• _SUPPLIED ENTRIES_
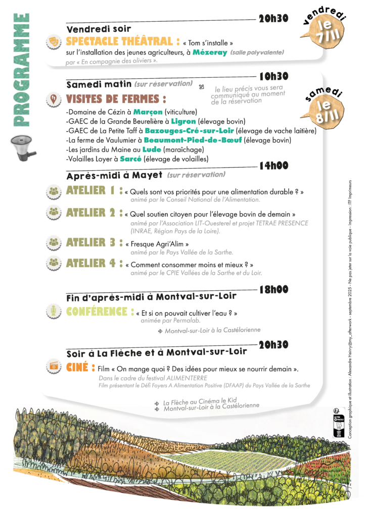 Le projet alimentaire territorial (PAT) de la Vallée du Loir vous invite les 7 et 8 novembre 2025 à 2 jours d’échanges, de découvertes et de réflexions autour de l’alimentation durable lors de son 1er évènement citoyen ! Un évènement pour tous ceux qui souhaitent s’impliquer dans une alimentation plus durable et locale.
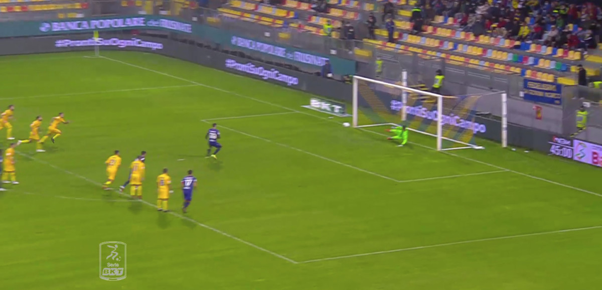 La gara la fanno subito, come prevedibile, i padroni di casa: gli squali provano a difendersi con ordine ma devono fare gli straordinari, immolandosi in area, Donsah (8′), Paz (14′) e Sala (19′) per evitare guai. Poi è Contini a salire in cattedra al 26′ con un super intervento sull’incornata a colpo sicuro di Charpentier (26′). Pian piano i rossoblù prendono coraggio, trovano distanze e meccanismi e si affacciano in area avversaria prima con Vulic (30′) ben imbeccato dal filtrante di Mulattieri, poi con il tiro del numero nove lanciato in verticale da Donsah (38′) e infine sempre con una girata ravvicinata del capocannoniere della serie B deviata con il braccio da Casasola: il signor Abbattista assegna il rigore, dal dischetto va Maric e trasforma con freddezza glaciale per lo 0-1 (45+1′). Ma i ciociari non ci stanno e pareggiano subito con Charpentier, bravo a farsi trovare pronto sull’invito dalla destra di Canotto e a superare l’incolpevole Contini trovando il pareggio, subito prima del fischio di fine primo tempo, al 3′ di recupero.
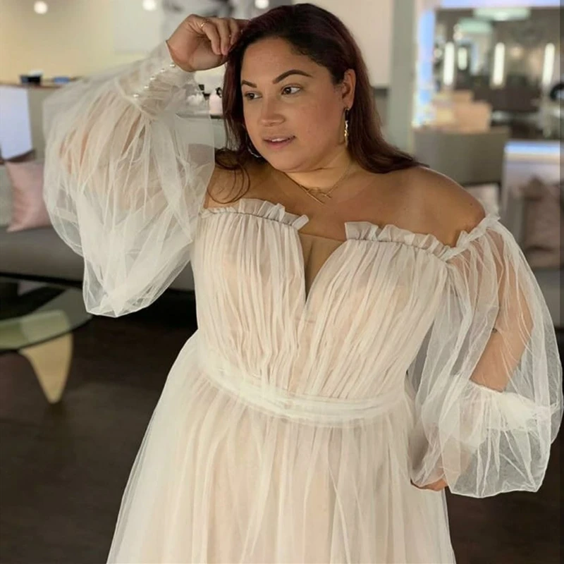 Женское свадебное платье с открытыми плечами, длинным пышным рукавом, женское мягкое Тюлевое платье трапециевидной формы, свадебное платье
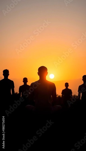 Contemplative outlines in peaceful seated postures against a soft dawn light, quiet, gentle
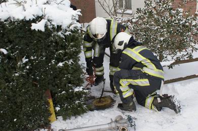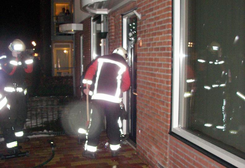 | De brandweer constateerde, dat er inderdaad iets aan de hand was en forceerde de deur. In de woonkamer had de houten vloer vlam gevat door een kaars in een kerststukje, dat op de grond stond. De nog smeulende resten werden door de brandweer verwijderd. |
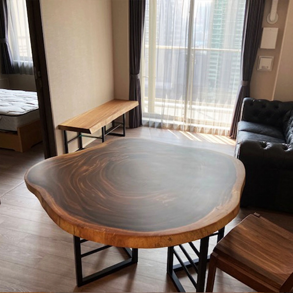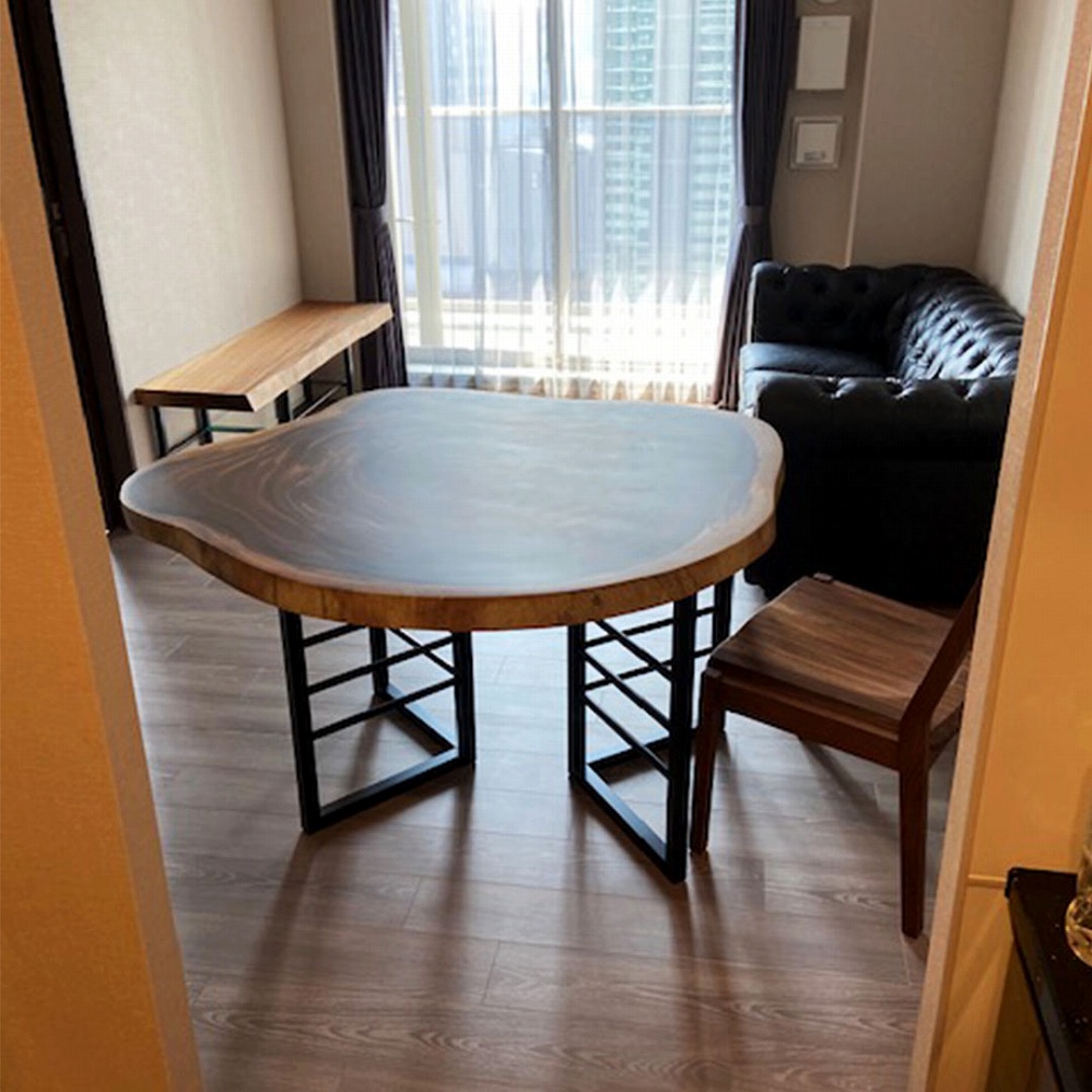 大きなモンキーポッドの輪切りタイプの一枚板です。この太さの木をテーブルにするなんて本当に贅沢です。L型のスリムな脚を対でセッティングしてお洒落な空間の完成です。まるで落ち着くカフェのようなお部屋に仕上がりました。
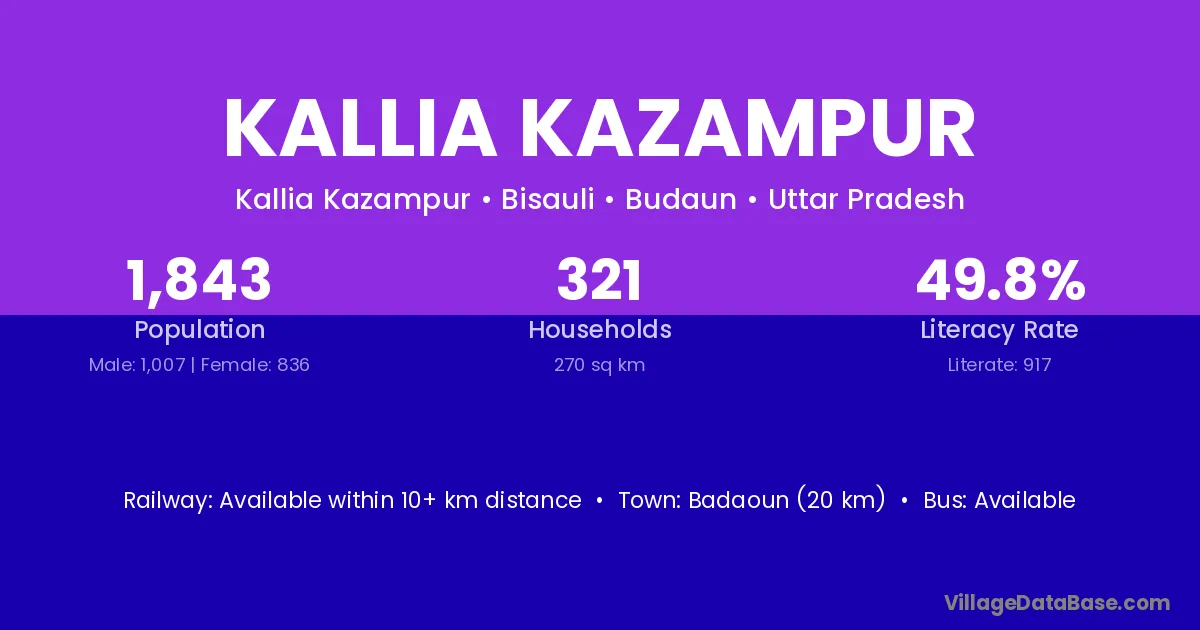 Badaoun (20 km) is the nearest town to Kallia Kazampur village for major economic activities and is located approximately 20 km away.
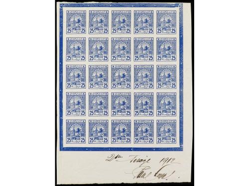 (*) MARRUECOS FRANCES. Yv. 5. 1912. POSTES CHERIFIENNES. 25 m. azul. Mini hojita de 25 sellos SIN DENTAR, pliegue central y laterales manuscrito "2me Tiraje 1912" y firma. RARO. Cat. 2.500€.
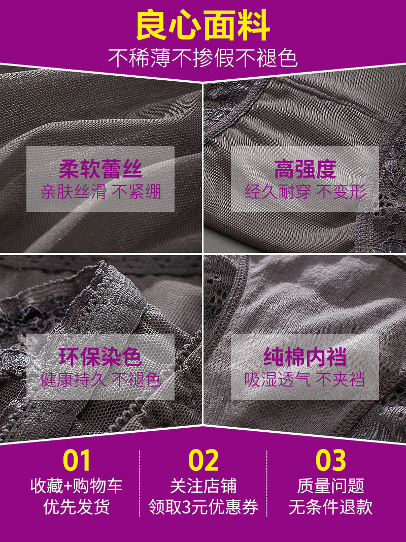 Sexy Briefs Lady Lace Transparent Mid Waist Pure Cotton Seductive Summer Thin Breathable No Marks Large Size Low Waist Triangle Pants
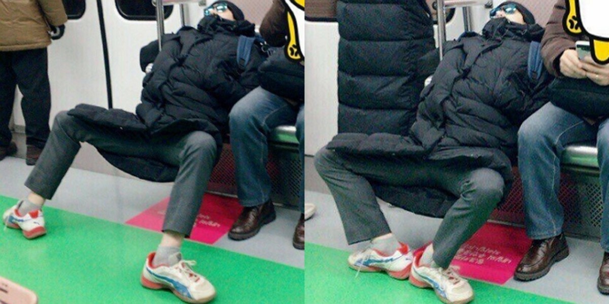 해당 사진 속 남성은 굉장히 괴상한 자세로 자리를 차지하고 있다. 상체를 좌석에 반쯤만 걸치고 있다고 표현하는 게 맞을 듯하다.
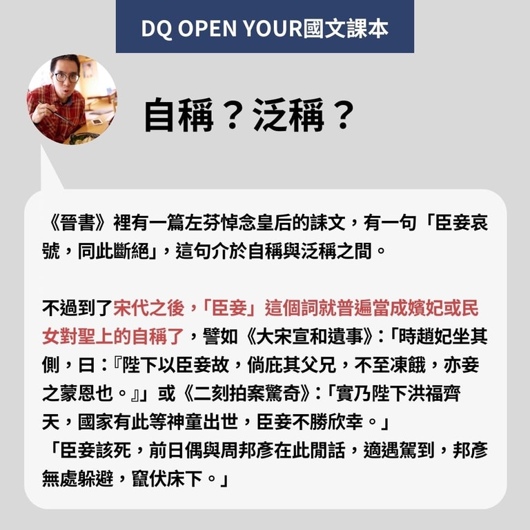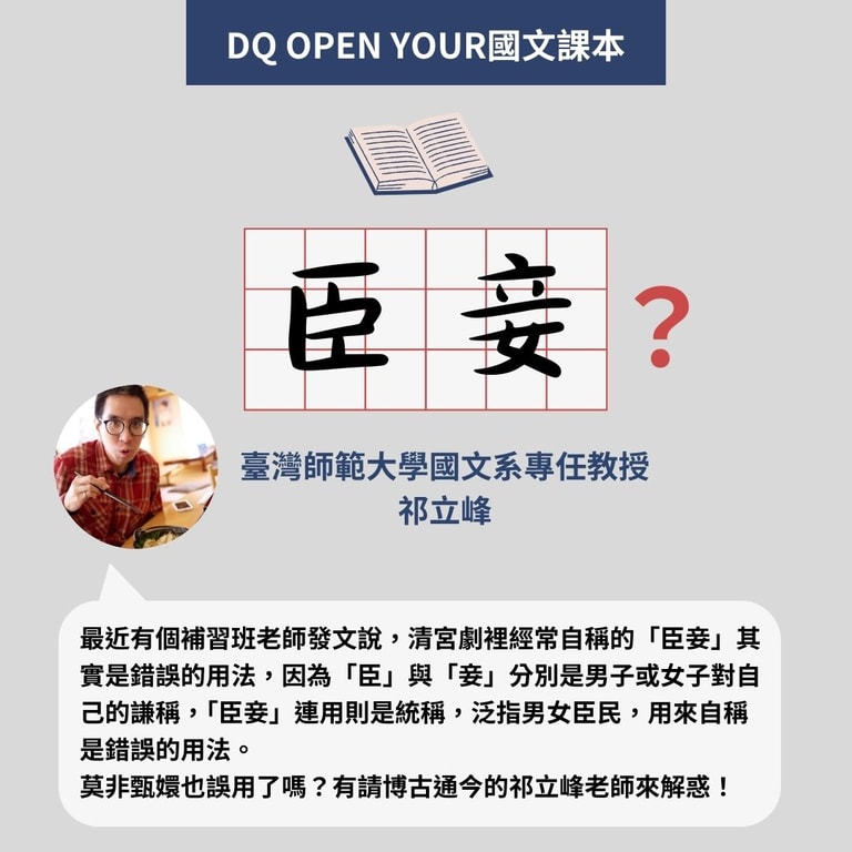 最近有個補習班老師發文說,清宮劇裡經常自稱的「臣妾」其實是錯誤的用法,因為「臣」與「妾」分別是男子或女子對自己的謙稱,「臣妾」連用則是統稱,泛指男女臣民,用來自稱是錯誤的用法。

• _AIM OF THE TASK_
Every record above should be set down exactly, with the pictures left out.

• _SOLVED EXERCISE_
 Le projet alimentaire territorial (PAT) de la Vallée du Loir vous invite les 7 et 8 novembre 2025 à 2 jours d’échanges, de découvertes et de réflexions autour de l’alimentation durable lors de son 1er évènement citoyen ! Un évènement pour tous ceux qui souhaitent s’impliquer dans une alimentation plus durable et locale.
 La gara la fanno subito, come prevedibile, i padroni di casa: gli squali provano a difendersi con ordine ma devono fare gli straordinari, immolandosi in area, Donsah (8′), Paz (14′) e Sala (19′) per evitare guai. Poi è Contini a salire in cattedra al 26′ con un super intervento sull’incornata a colpo sicuro di Charpentier (26′). Pian piano i rossoblù prendono coraggio, trovano distanze e meccanismi e si affacciano in area avversaria prima con Vulic (30′) ben imbeccato dal filtrante di Mulattieri, poi con il tiro del numero nove lanciato in verticale da Donsah (38′) e infine sempre con una girata ravvicinata del capocannoniere della serie B deviata con il braccio da Casasola: il signor Abbattista assegna il rigore, dal dischetto va Maric e trasforma con freddezza glaciale per lo 0-1 (45+1′). Ma i ciociari non ci stanno e pareggiano subito con Charpentier, bravo a farsi trovare pronto sull’invito dalla destra di Canotto e a superare l’incolpevole Contini trovando il pareggio, subito prima del fischio di fine primo tempo, al 3′ di recupero.
 Женское свадебное платье с открытыми плечами, длинным пышным рукавом, женское мягкое Тюлевое платье трапециевидной формы, свадебное платье
 Contemplative outlines in peaceful seated postures against a soft dawn light, quiet, gentle
 | De brandweer constateerde, dat er inderdaad iets aan de hand was en forceerde de deur. In de woonkamer had de houten vloer vlam gevat door een kaars in een kerststukje, dat op de grond stond. De nog smeulende resten werden door de brandweer verwijderd. |
 大きなモンキーポッドの輪切りタイプの一枚板です。この太さの木をテーブルにするなんて本当に贅沢です。L型のスリムな脚を対でセッティングしてお洒落な空間の完成です。まるで落ち着くカフェのようなお部屋に仕上がりました。
 Badaoun (20 km) is the nearest town to Kallia Kazampur village for major economic activities and is located approximately 20 km away.
 (*) MARRUECOS FRANCES. Yv. 5. 1912. POSTES CHERIFIENNES. 25 m. azul. Mini hojita de 25 sellos SIN DENTAR, pliegue central y laterales manuscrito "2me Tiraje 1912" y firma. RARO. Cat. 2.500€.
 Sexy Briefs Lady Lace Transparent Mid Waist Pure Cotton Seductive Summer Thin Breathable No Marks Large Size Low Waist Triangle Pants
 해당 사진 속 남성은 굉장히 괴상한 자세로 자리를 차지하고 있다. 상체를 좌석에 반쯤만 걸치고 있다고 표현하는 게 맞을 듯하다.
 最近有個補習班老師發文說,清宮劇裡經常自稱的「臣妾」其實是錯誤的用法,因為「臣」與「妾」分別是男子或女子對自己的謙稱,「臣妾」連用則是統稱,泛指男女臣民,用來自稱是錯誤的用法。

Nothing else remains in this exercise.